The entries are to be reproduced word for word, with all images left out.
▬▬▬
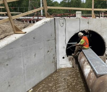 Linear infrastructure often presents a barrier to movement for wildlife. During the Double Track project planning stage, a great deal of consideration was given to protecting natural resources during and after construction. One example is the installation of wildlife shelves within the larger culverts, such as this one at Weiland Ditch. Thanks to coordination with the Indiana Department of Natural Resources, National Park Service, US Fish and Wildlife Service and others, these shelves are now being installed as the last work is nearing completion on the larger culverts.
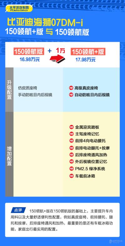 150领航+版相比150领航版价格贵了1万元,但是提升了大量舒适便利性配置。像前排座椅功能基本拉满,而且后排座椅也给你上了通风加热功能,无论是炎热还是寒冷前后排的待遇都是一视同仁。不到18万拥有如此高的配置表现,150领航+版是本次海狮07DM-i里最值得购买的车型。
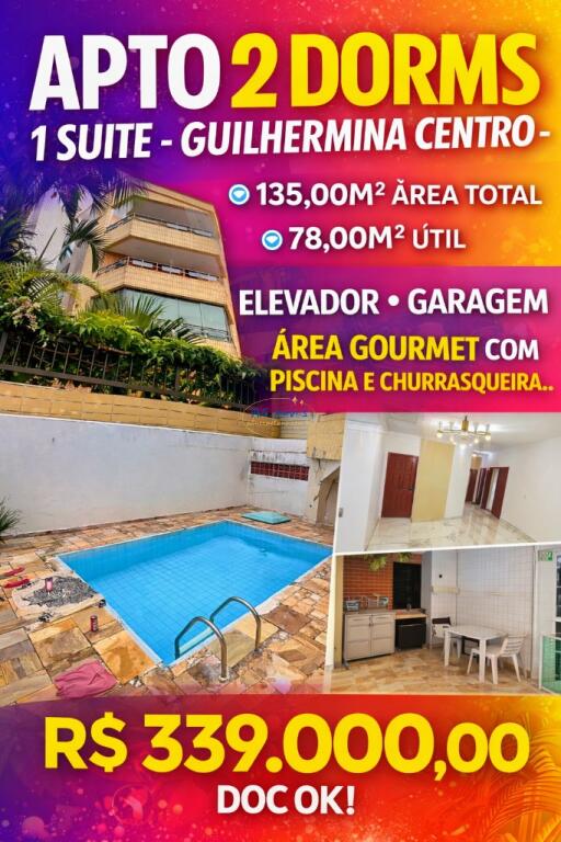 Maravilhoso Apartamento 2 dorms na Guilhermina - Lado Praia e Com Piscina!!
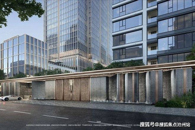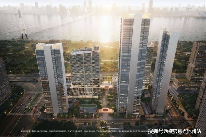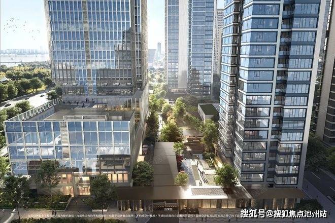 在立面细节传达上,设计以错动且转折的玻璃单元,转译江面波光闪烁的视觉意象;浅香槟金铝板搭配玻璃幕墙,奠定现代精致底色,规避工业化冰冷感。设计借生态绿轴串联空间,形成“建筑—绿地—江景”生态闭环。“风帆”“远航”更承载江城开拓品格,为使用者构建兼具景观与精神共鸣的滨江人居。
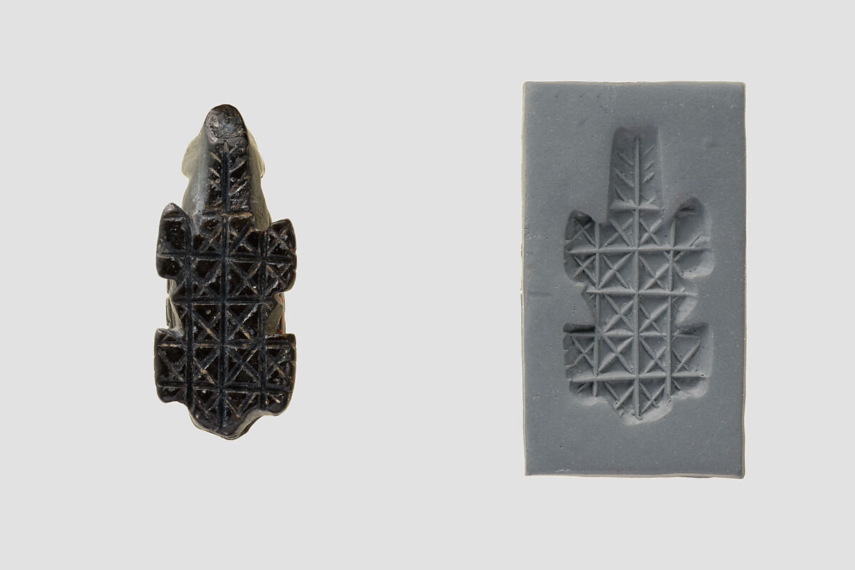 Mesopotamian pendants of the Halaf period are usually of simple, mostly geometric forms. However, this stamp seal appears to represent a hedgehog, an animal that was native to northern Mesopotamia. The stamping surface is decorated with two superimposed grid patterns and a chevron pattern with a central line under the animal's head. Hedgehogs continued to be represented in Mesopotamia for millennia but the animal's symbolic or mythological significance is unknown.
▬▬▬
* PROBLEM SOLUTION:
 Linear infrastructure often presents a barrier to movement for wildlife. During the Double Track project planning stage, a great deal of consideration was given to protecting natural resources during and after construction. One example is the installation of wildlife shelves within the larger culverts, such as this one at Weiland Ditch. Thanks to coordination with the Indiana Department of Natural Resources, National Park Service, US Fish and Wildlife Service and others, these shelves are now being installed as the last work is nearing completion on the larger culverts.
 150领航+版相比150领航版价格贵了1万元,但是提升了大量舒适便利性配置。像前排座椅功能基本拉满,而且后排座椅也给你上了通风加热功能,无论是炎热还是寒冷前后排的待遇都是一视同仁。不到18万拥有如此高的配置表现,150领航+版是本次海狮07DM-i里最值得购买的车型。
 Maravilhoso Apartamento 2 dorms na Guilhermina - Lado Praia e Com Piscina!!
 在立面细节传达上,设计以错动且转折的玻璃单元,转译江面波光闪烁的视觉意象;浅香槟金铝板搭配玻璃幕墙,奠定现代精致底色,规避工业化冰冷感。设计借生态绿轴串联空间,形成“建筑—绿地—江景”生态闭环。“风帆”“远航”更承载江城开拓品格,为使用者构建兼具景观与精神共鸣的滨江人居。
 Mesopotamian pendants of the Halaf period are usually of simple, mostly geometric forms. However, this stamp seal appears to represent a hedgehog, an animal that was native to northern Mesopotamia. The stamping surface is decorated with two superimposed grid patterns and a chevron pattern with a central line under the animal's head. Hedgehogs continued to be represented in Mesopotamia for millennia but the animal's symbolic or mythological significance is unknown.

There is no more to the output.